Currently we use the same API to parse and compile packages as we do for
the IDE. This is proving quite heavy. I propose that we make an
additional API for IDE integration that is fine grained and meta data
driven. I believe that Eclipse has extensive meta data capabilities,
which it stores on disk -- we should really try and leverage this.
Although the core API should try and be independent, so other IDEs can
leverage it.
1) Split the main document up into package, imports, globals,
functions and rules -- but do not parse contents.
a. Maybe we will build up the meta-data for imports and globals at
this stage, as I imagine that's easy.
b. Record, as meta data, the start and end line numbers, i.e. the
range, for all sections.
2) Tokenise all expressions and blocks -- do not loose line
numbers though, so will need to pad.
a. Record, as meta data, the start and end line/col numbers, i.e.
the range, for all expressions and blocks.
3) Parse each Rule
a. Validate Conditional Element and Field Constraint structure
b. Validate Columns and Fields -- record this in meta data. So we
know the dependant classes and fields for this rule.
c. Record Column and Field bindings as meta data -- as used for
expressions.
d. Validate operators and the RHS value type, checks it's valid
with LHS and operator.
4) Determine required declarations for each expression and record
as meta data
a. If we can it might be nice to also determine dependant classes
from the Imports and Globals , beyond declarations, and record as meta
data.
5) Compile each expression and block, using a helper util, record
the errors as meta data and then forget the compiled .class
6) Develop intelligent balanced-text recovery. So when scanning 1)
and 2) we need to check for balanced text, if we detect incorrect
balancing we then mark that section as invalid and find the start of the
next valid section -- nothing inside those invalid sections will be parsed.
a. i.e. if we have an invalid expression, incorrect number of
brackets on the LHS of the rule, we try and recover to the next valid
area -- ideally this would be the next valid conditional element -- but
that may be hard and it could be the RHS of the rule.

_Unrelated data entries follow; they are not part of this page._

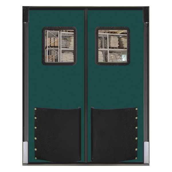 Swinging Door, Door Height 7 ft, Door Width 5 ft, Door Color Green, Swinging Door Material Polyethylene, Textured Finish, Door Thickness 3 3/4 in, Number of Doors 2, Window Height 16 in, Window Width 16 in, Bumpers Included Yes, Door Seals Included Yes, Opening Height 7 ft, Opening Width 5 ft, Window Color Clear, Window Material Polycarbonate, Left and Right Jamb, Insulation Value 25, Standards EISA, NSF, USDA, Swinging Door Core Material Non-CFC Urethane Core, Window Included Yes, 1 Pair
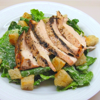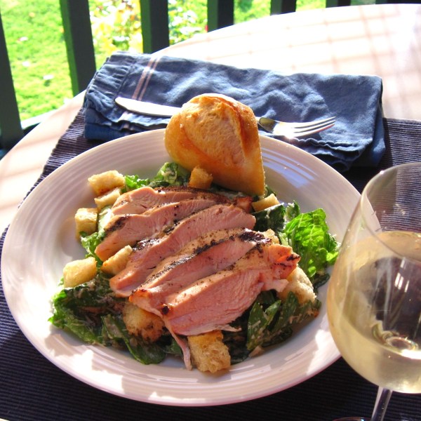 Caesar Salad fortified with some kind of protein makes a great summertime dinner. Popular choices to top the salad are grilled salmon, smoked salmon, fried oysters, shrimp or chicken. Last night I made it with grilled chicken.
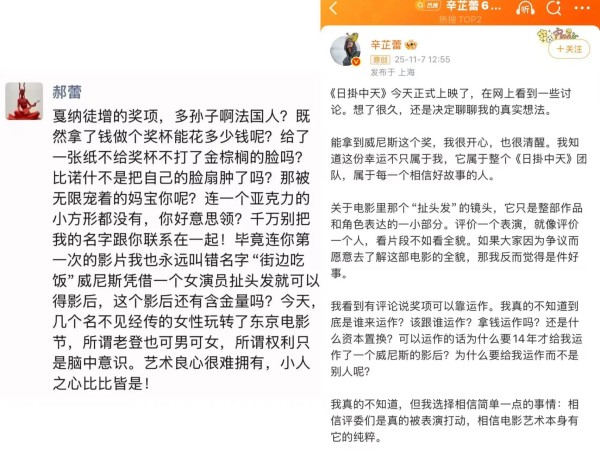 虽然在颁奖后,文晏与评委们逐一解释了网传的内幕并非事实,“女主竞争非常激烈”“奖是评委一起评出来的”……但群众似乎并不买单。随后,郝蕾朋友圈发文批判“撕奖”乱象,把东京、戛纳、威尼斯电影节奖都“批”了一遍。
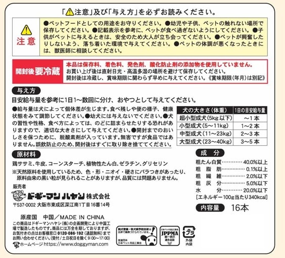 - 無添加良品 ガムのささみ巻ジャーキー 16本(8本×2袋)

Start simple, make
it coarse, and intelligent fine grained can be added later.
7) Intelligent re-parsing for project wide changes.
a. We have class dependencies in meta-data for the various
sections -- and also fields in constraints. So we can determine errors
from the meta data, without having to reparse.

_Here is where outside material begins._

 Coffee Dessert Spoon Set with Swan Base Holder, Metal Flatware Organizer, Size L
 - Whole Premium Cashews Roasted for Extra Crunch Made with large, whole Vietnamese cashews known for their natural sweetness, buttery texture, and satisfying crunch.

b. In the case of expressions we can use the meta data, to avoid
re-compiling. I guess if the changes are too dramatic then we can
recompile the expression/consequence. We have the ranges in meta data
for the dependant sections, so we can rescan to suck up the expression,
without having to parse the entire document
c. In document editing we only recompile expressions consequence
if the user edits them -- again we should know that we are in an
expression, we know the start so we scan from the start of t he
expression/block to the end and compile. Avoid reparse the entire
document or even the rule. If bindings are changed we can also determine
the dependant expressions and recompile to get errors.

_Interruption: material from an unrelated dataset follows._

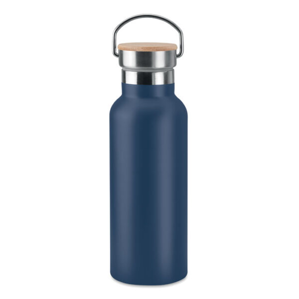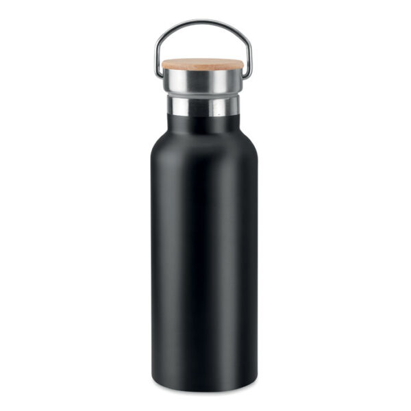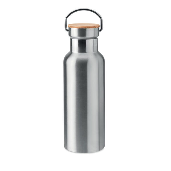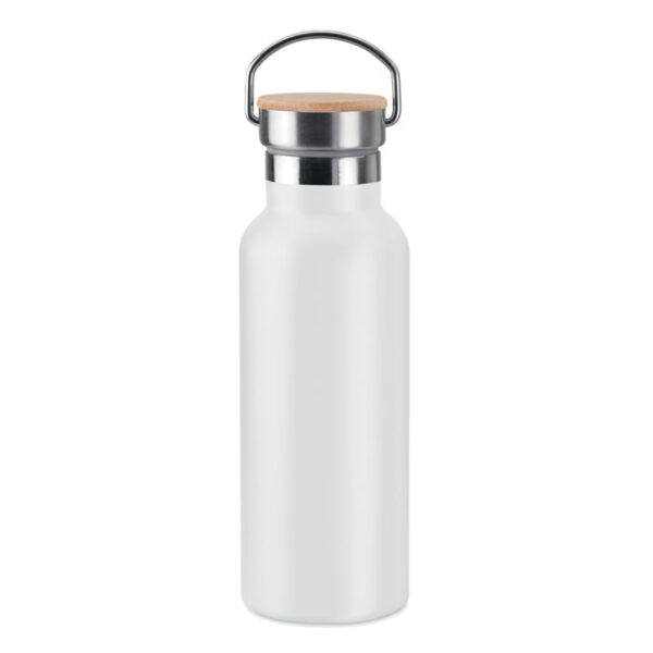 Διαφημιστικό Μπουκάλι από ανοξείδωτο ατσάλι ματ φινιρίσματος και καπάκι από μπαμπού με εκτύπωση ή ψηφιακή εκτύπωση ή χάραξη laser ή και εκτύπωση sublimation (μόνο στο λευκό χρώμα) σε διάφορα χρώματα και σχέδια των στοιχείων της επιχείρησής σας. Χωρητικότητα 500 ml. Με σχεδιασμό αποτροπής διαρροών και πτυσσόμενη μεταλλική λαβή.

I'm sure there is a lot more complexity to this and missed stages. But
it should be enough to show you the direction I want to take this. So
we are extensively using meta data to minimise the re-parsing and
re-compiling. We are also using meta data to localise the areas that we
do need to re-parse for changes. The key to this is always being able
to know exactly what we are editing. We may have to extend the descr, or
create a new structure to handle meta data driven parsing. Non of this
replaces the existing ruleparse/descry/packagebuidler implementations
which are still required for compiling and deploying real rule bases -
although hopefully we can leverage parts from both, to avoid duplication.
It may be worth taking my previous email and this one and putting into
jira.
Mark
------------------------------------------------------------------------
*From:* Mark Proctor
*Sent:* 10 May 2006 14:46
*To:* '[EMAIL PROTECTED]'; 'Kris Verlaenen'; Michael Neale
*Subject:* RE: going great with antlr 3
I've been thinking more about the parser and I think there is a lot more
we can do, with regards to iterative building and intelligent compiling.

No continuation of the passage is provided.